Directions for this task: From the listing below, please restate exactly the lines beginning at the one with "- Dish drying" and ending at the one with "まずは基本の湯沸かしで使用。", both included, and skip the pictures.

The data:
*** Begin section ***
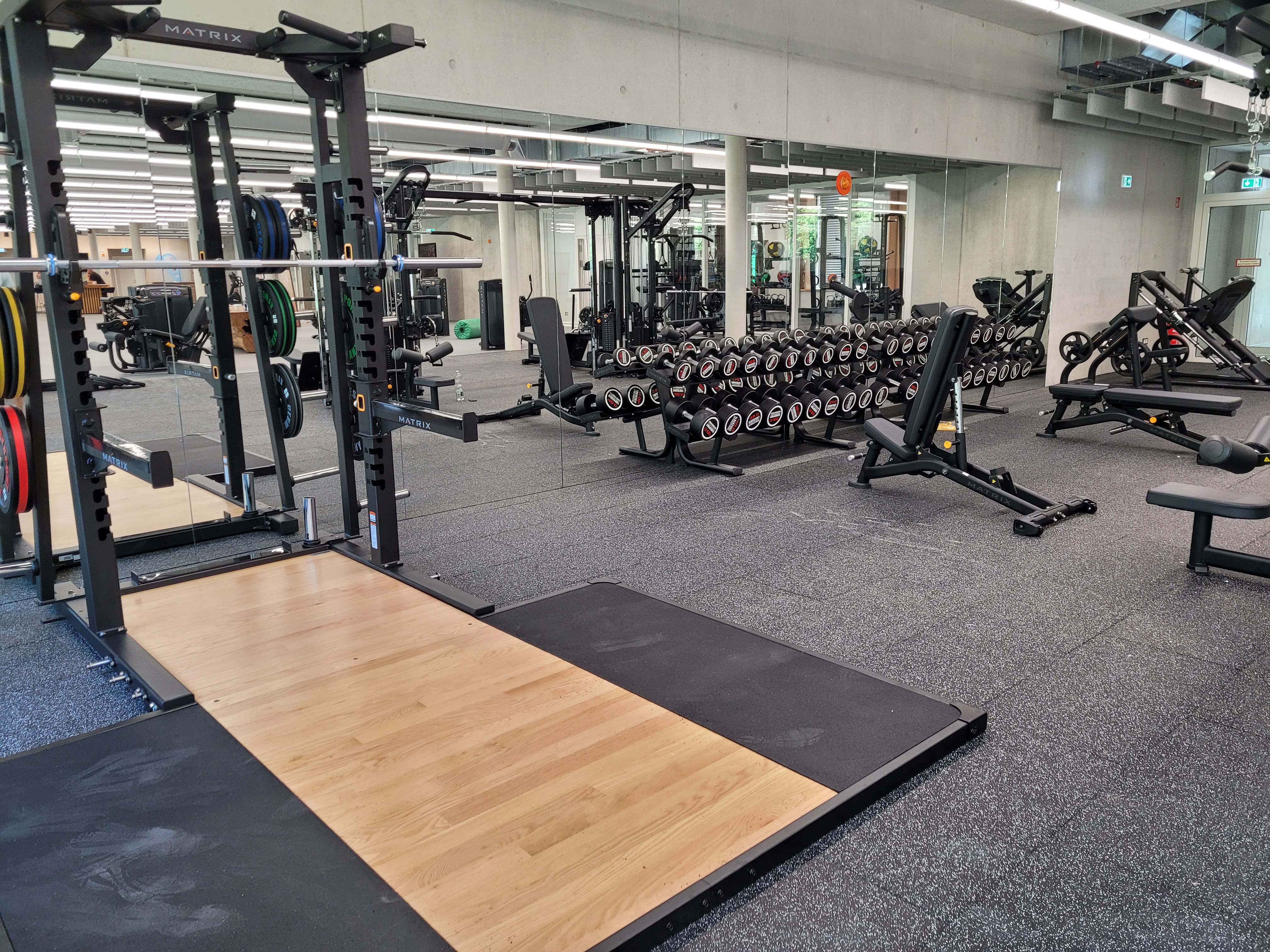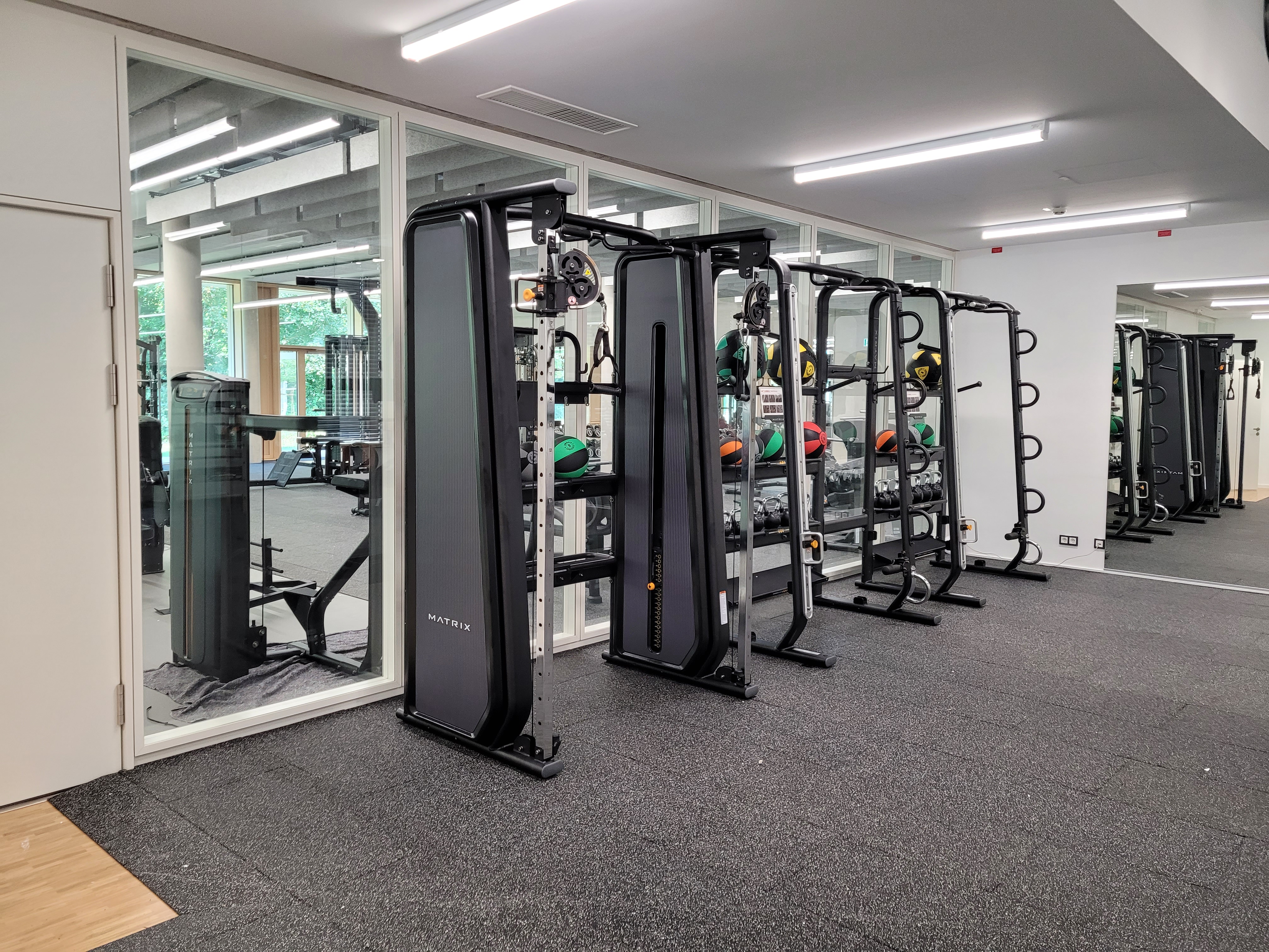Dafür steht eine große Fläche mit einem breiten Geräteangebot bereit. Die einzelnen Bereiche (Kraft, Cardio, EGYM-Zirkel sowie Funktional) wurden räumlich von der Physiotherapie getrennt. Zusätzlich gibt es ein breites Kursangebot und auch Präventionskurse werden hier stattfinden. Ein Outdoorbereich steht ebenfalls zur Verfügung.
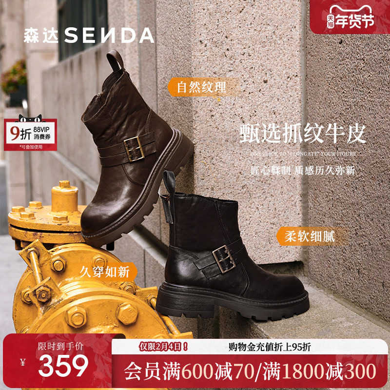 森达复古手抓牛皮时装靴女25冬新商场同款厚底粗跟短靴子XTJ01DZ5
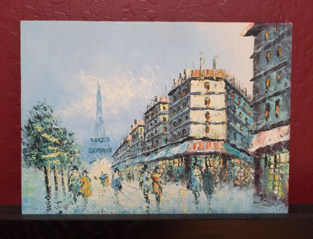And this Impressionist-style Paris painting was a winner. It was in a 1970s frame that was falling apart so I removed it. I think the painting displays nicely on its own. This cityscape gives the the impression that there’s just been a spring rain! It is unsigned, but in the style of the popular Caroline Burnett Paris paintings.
*** End section ***
*** Begin section ***
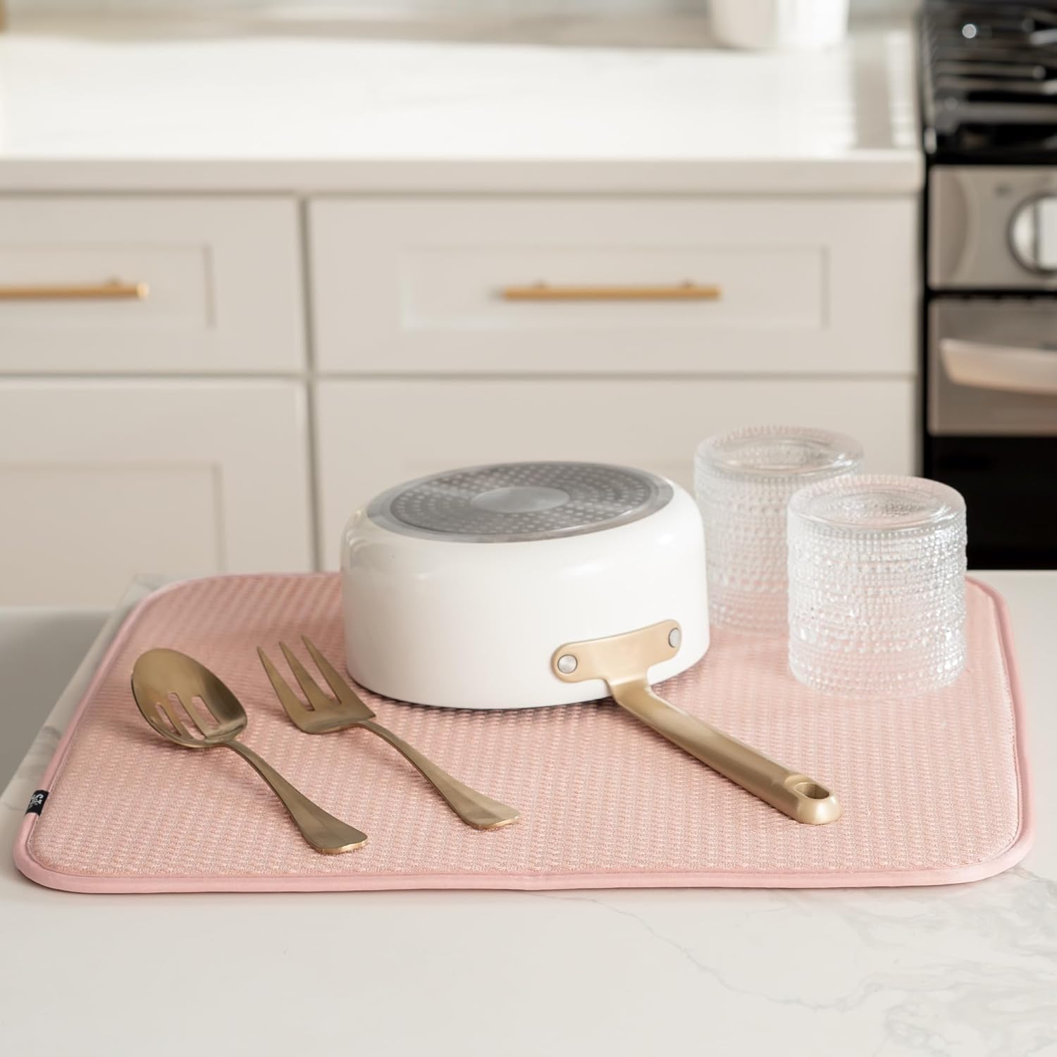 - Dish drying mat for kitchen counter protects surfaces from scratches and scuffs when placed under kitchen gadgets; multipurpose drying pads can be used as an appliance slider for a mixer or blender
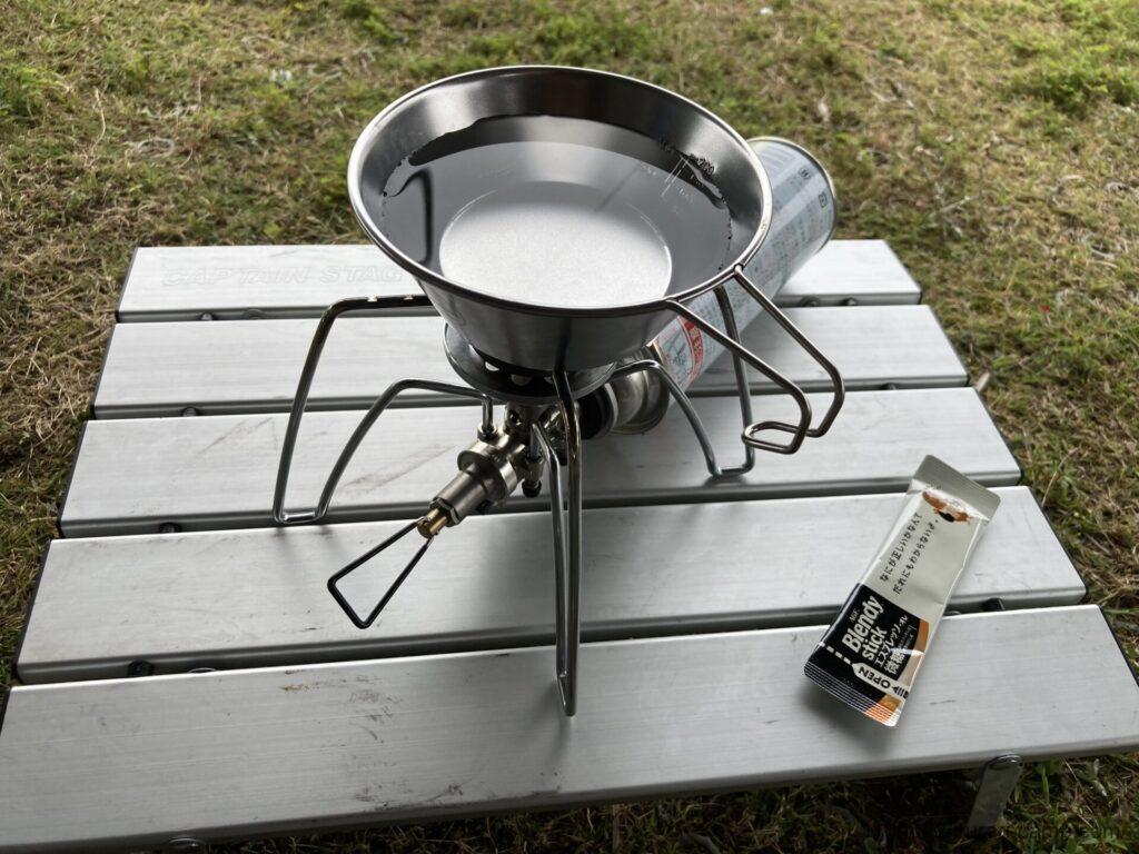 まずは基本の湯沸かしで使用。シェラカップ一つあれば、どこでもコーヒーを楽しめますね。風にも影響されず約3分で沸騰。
*** End section ***
Answer space:
 - Dish drying mat for kitchen counter protects surfaces from scratches and scuffs when placed under kitchen gadgets; multipurpose drying pads can be used as an appliance slider for a mixer or blender
 まずは基本の湯沸かしで使用。シェラカップ一つあれば、どこでもコーヒーを楽しめますね。風にも影響されず約3分で沸騰。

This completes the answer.